Dessa forma, Deleuze e Guattari estão recusando a problemática do fundamento, que perdura a história da filosofia, mas sem procurar uma saída da razão, e sim renovando a imagem do pensamento, como sendo capaz de pensar acontecimentos e singularidades (MENGUE, 1994, p. 25). Deleuze e Guattari não promovem uma irracionalidade, mas sim uma outra lógica – que pode ser uma Lógica do Sentido (como a obra de Deleuze, de 1969), ou uma Lógica do Acontecimento (na perspectiva de Zourabichvili) ou ainda uma lógica das multiplicidades (PP, p. 183 [p. 206]).

Por isso, esta tese quer usar a expressão “pedagogia do conceito” para designar: a) uma forma de dizer o que cabe de fato e de direito ao pensamento – é um pensamento sem imagem porque não possui pressupostos, mas começa e recomeça a cada encontro com signos que abrem um novo campo problemático e força a pensar; b) a consistência dos conceitos – dos diferentes conceitos dos diferentes filósofos, uma vibração interna entre a ontologia criativa e a didática inteligível dos conceitos filosóficos.

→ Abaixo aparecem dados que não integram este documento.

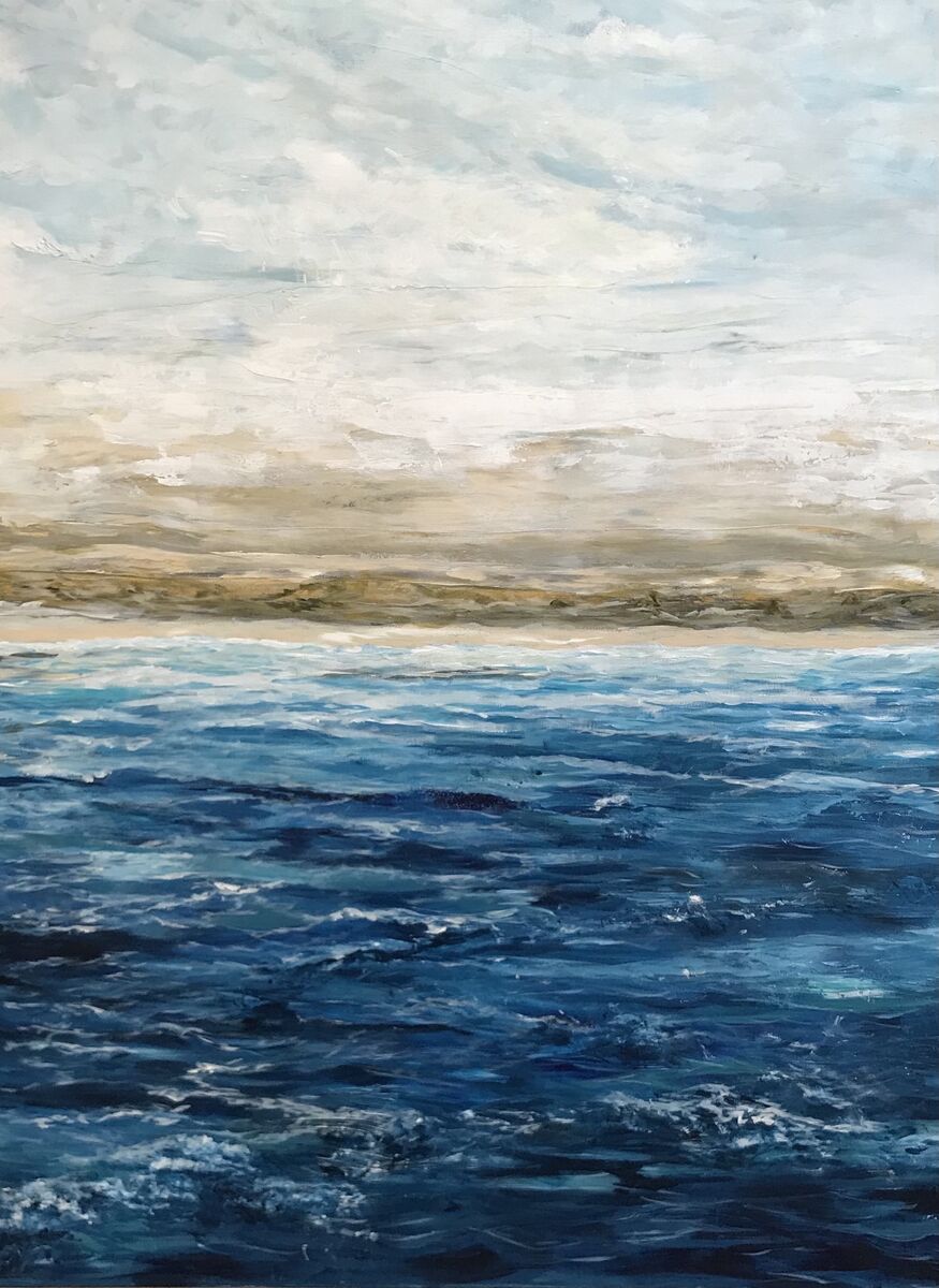 This work seeks to evoke the experience of summer and the cooling calming effect of the ocean contrasted against the sandy shores. The artwork comes ready to hang and has a handcrafted mercantile hardwood frame finished with danish oil.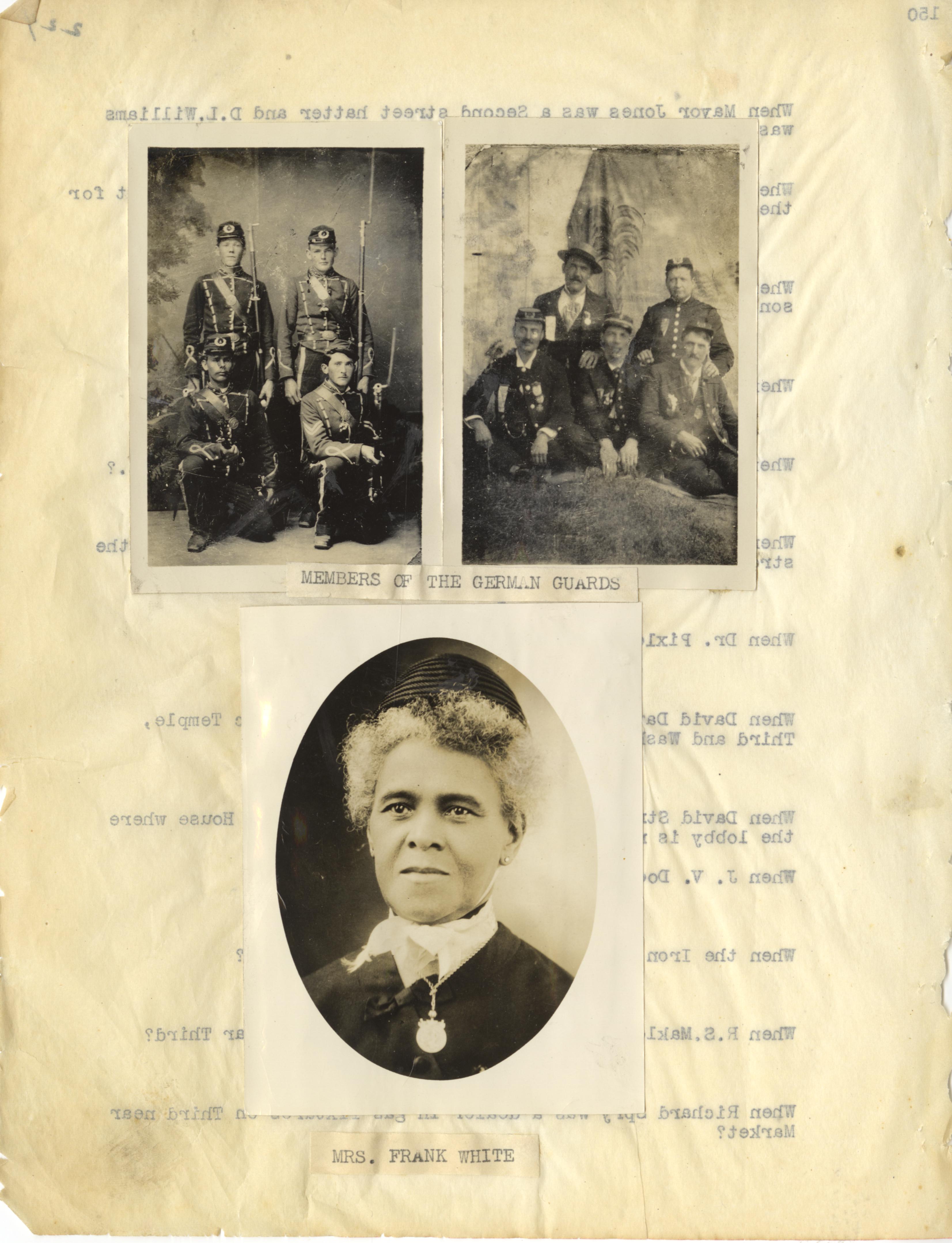 - Photo image of scanned scrapbook page. Pictured: Members of the German Guards; Mrs. Frank White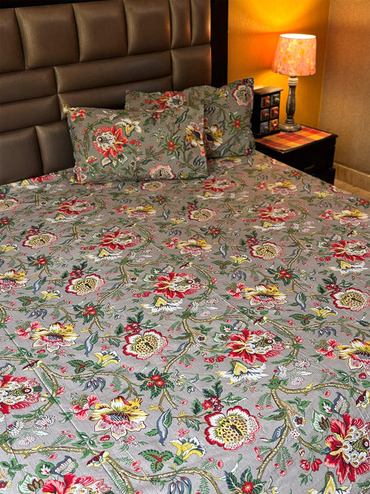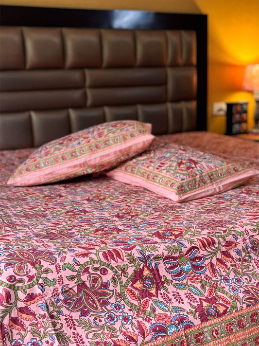 Mughal Bagh Collection - Hand Block Printed Super King Bedsheet with Reversible Pillow Covers (108 x 108 inches)
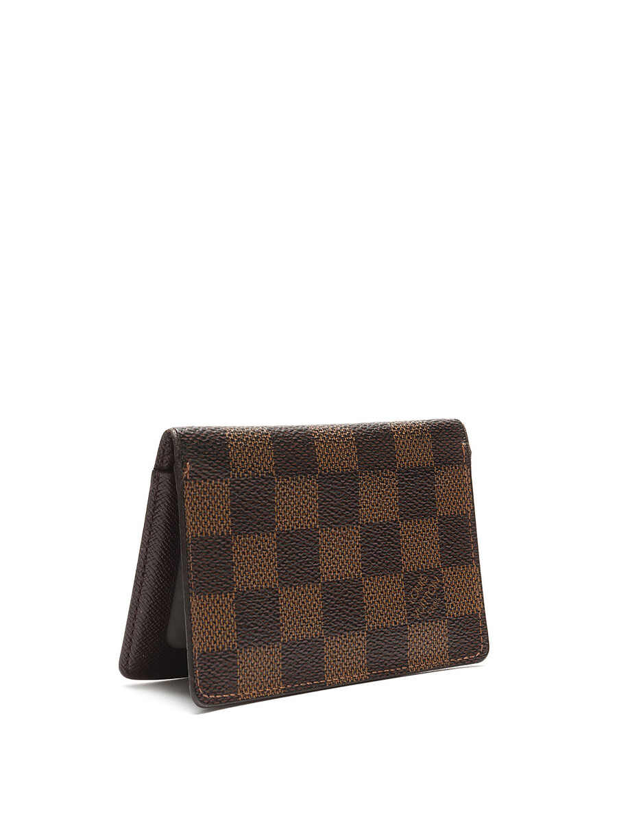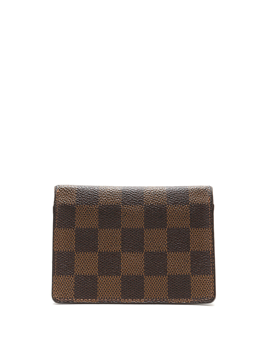 Porte-cartes en toile enduite arborant le motif Damier Ebene classique dans des tons marron et marron foncé. Coutures ton sur ton. Sac à poussière inclus.
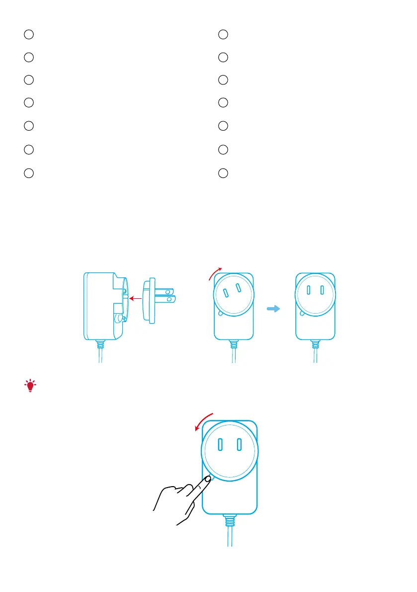 1. Fişin oyuğunu, güç adaptöründeki pimlerle hizalayın.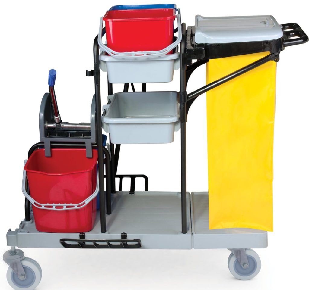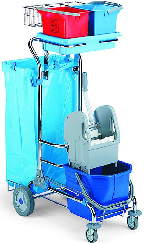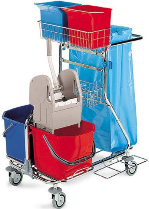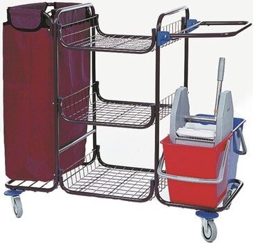 Les chariots de nettoyage sont une plate-forme plate en acier ou en plastique, sur laquelle se trouvent des conteneurs, des plateaux, des étagères pour les accessoires. Utilisé pour le traitement sec, humide et le service de chambre (livraison de linge de lit, serviettes).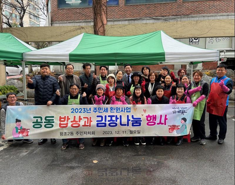 ÀÌ¿µ¼® ÁÖ¹ÎÀÚġȸÀåÀº ¡°¹°°¡ »ó½ÂÀ¸·Î ¾î·Á¿î ½Ã±â¿¡ À̹ø ±èÀå ³ª´® Çà»ç·Î ¿ÕÁ¶2µ¿ Ãë¾à°èÃþÀÌ µû¶æÇÑ ¿¬¸»À» º¸³»±æ ¹Ù¶õ´Ù¡±¶ó¸ç, ¡°¾ÕÀ¸·Îµµ ÀÌ¿ô µ¹º½ÀÇ °ø¹éÀÌ »ý±âÁö ¾Êµµ·Ï ¼Ò¿ÜµÈ ÀÌ¿ôÀ» À§ÇÑ ³ª´®¹®È È®Àå¿¡ ¾ÕÀå¼ µû¶æÇÑ µ¿³×¸¦ ¸¸µé°Ú´Ù¡±¶ó°í ¹àÇû´Ù.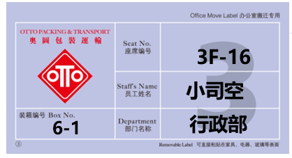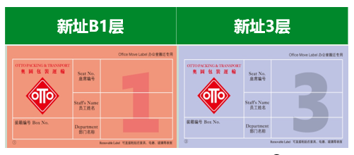 司空公司搬迁时使用的标签,除了以上这些信息外,还通过颜色作为楼层的区分,例如“橘色”为B1层,“蓝色”为3层。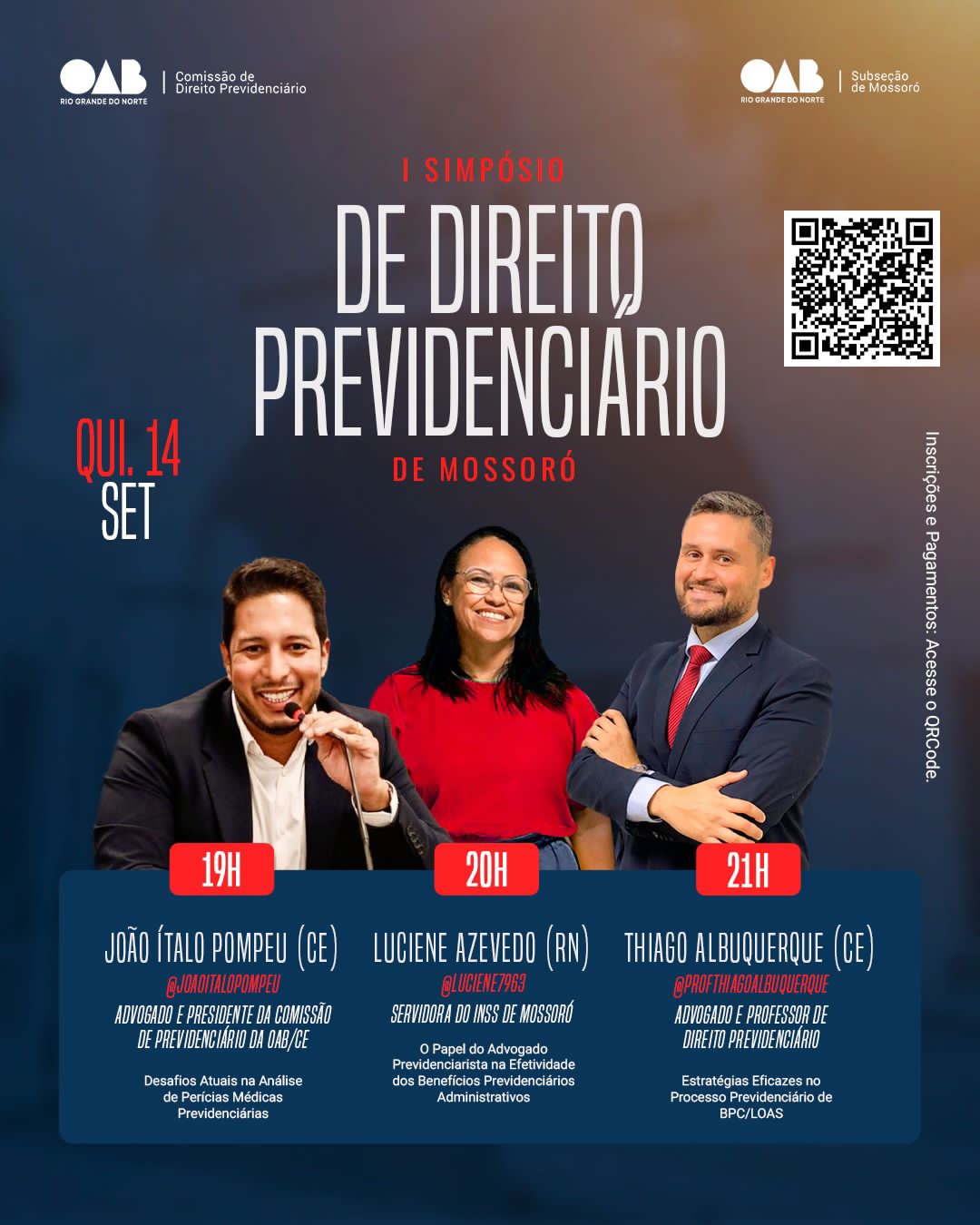 O I Simpósio de Direito Previdenciário de Mossoró é uma ação educativa organizada pela Comissão de Direito Previdenciário & Assistência Social da OAB Mossoró. O evento se realizará no auditório da OAB Mossoró nos dias 14 e 15 de setembro, a partir das 19h.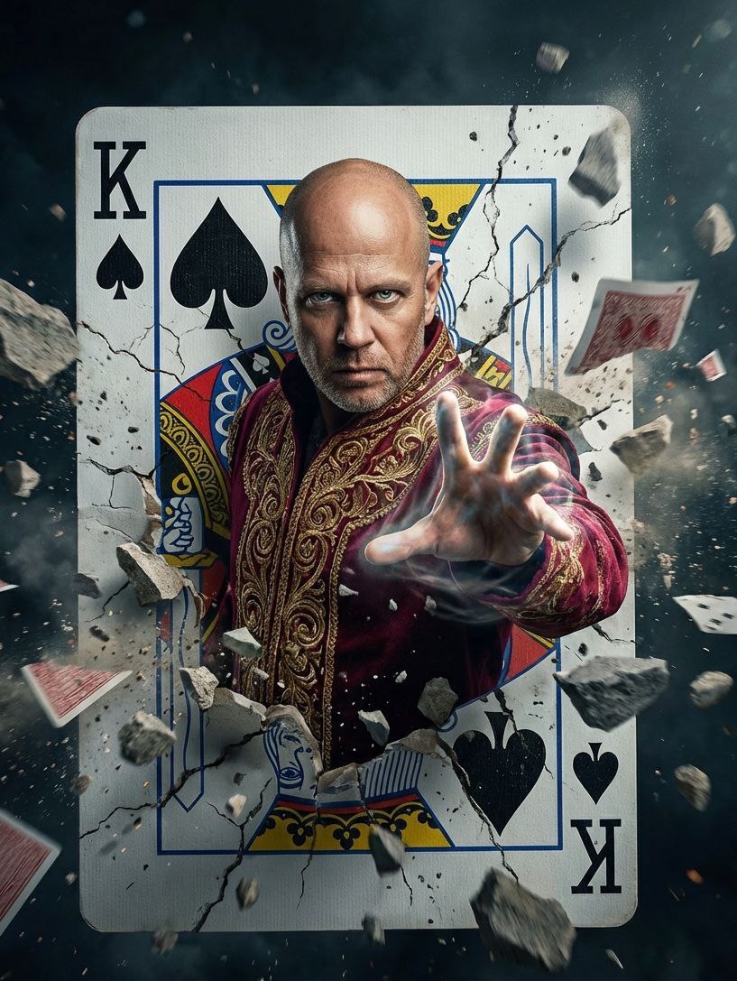 Гиперреалистичный кинематографический постер могущественного колдуна-мужчины, прорывающего треснутую игральную карту Короля Фрагменты камня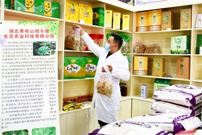 通城县塘湖镇望湖、大埚、雷吼3个村位于黄袍山上,土壤含硒量高,村民种植近万亩富硒水稻,当地加工大户金峰利用冬闲加工饼折,通过线上线下销往全国各地,助民增收。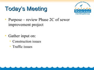 The committee met to discuss Phase 2C of the Point Place Sewer Improvements project, which involves installing a 24-inch gravity relief sewer. They reviewed two construction options for traffic handling during work and received updates on other phases of the project. The city recommended a one-way bypass detour route approved by transit and fire departments to maintain emergency vehicle access. Notifications to residents and businesses would be made through meetings, newspaper ads and signage in advance of construction starting in November 2005.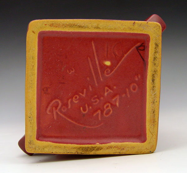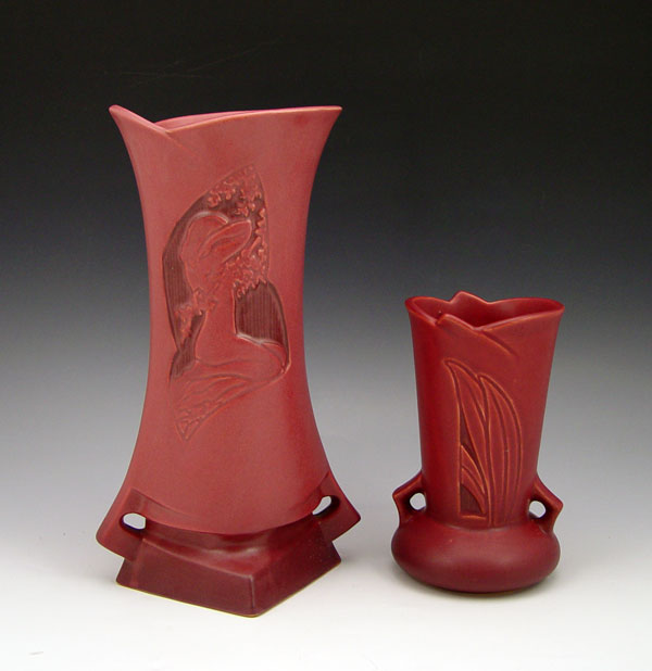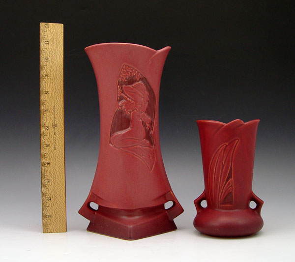 TWO ROSEVILLE POTTERY RED SILHOUETTE VASES: The Nude is 10'', the other is 6''.
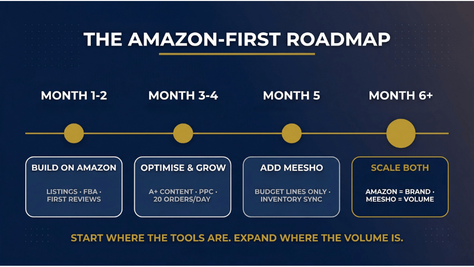 The biggest mistake sellers make is starting on Meesho because it is easier and then trying to move to Amazon later. It should be the other way around. Build your brand on Amazon first. Perfect your listings, establish a reliable supply chain, get your FBA operations running smoothly, and build a review base that gives customers confidence. Once your Amazon business is stable and profitable, duplicate your budget product lines to Meesho for incremental volume.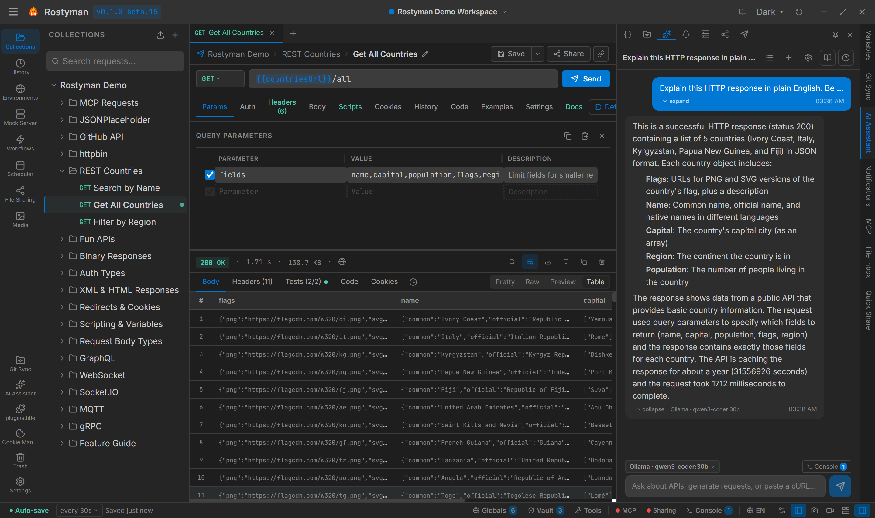 After receiving a response, ask the AI to write post-response test scripts using the rm.test() API — asserting status, checking specific fields, validating schema structure.

O importante em filosofia são as condições de criação e sustentação de conceitos, as relações entre seus componentes, os problemas que os animam, o plano de imanência que traça, os personagens conceituais que inventa. O trabalho do filósofo é de “co-adaptação” destas três operações, que estão em determinação recíproca, porque nenhum elemento pode ser deduzido do outro, eles são criados ao mesmo tempo. (Qf, p. 93 [p. 74]). E é tarefa do leitor se perguntar o que se passou quando se encontra com tal criação.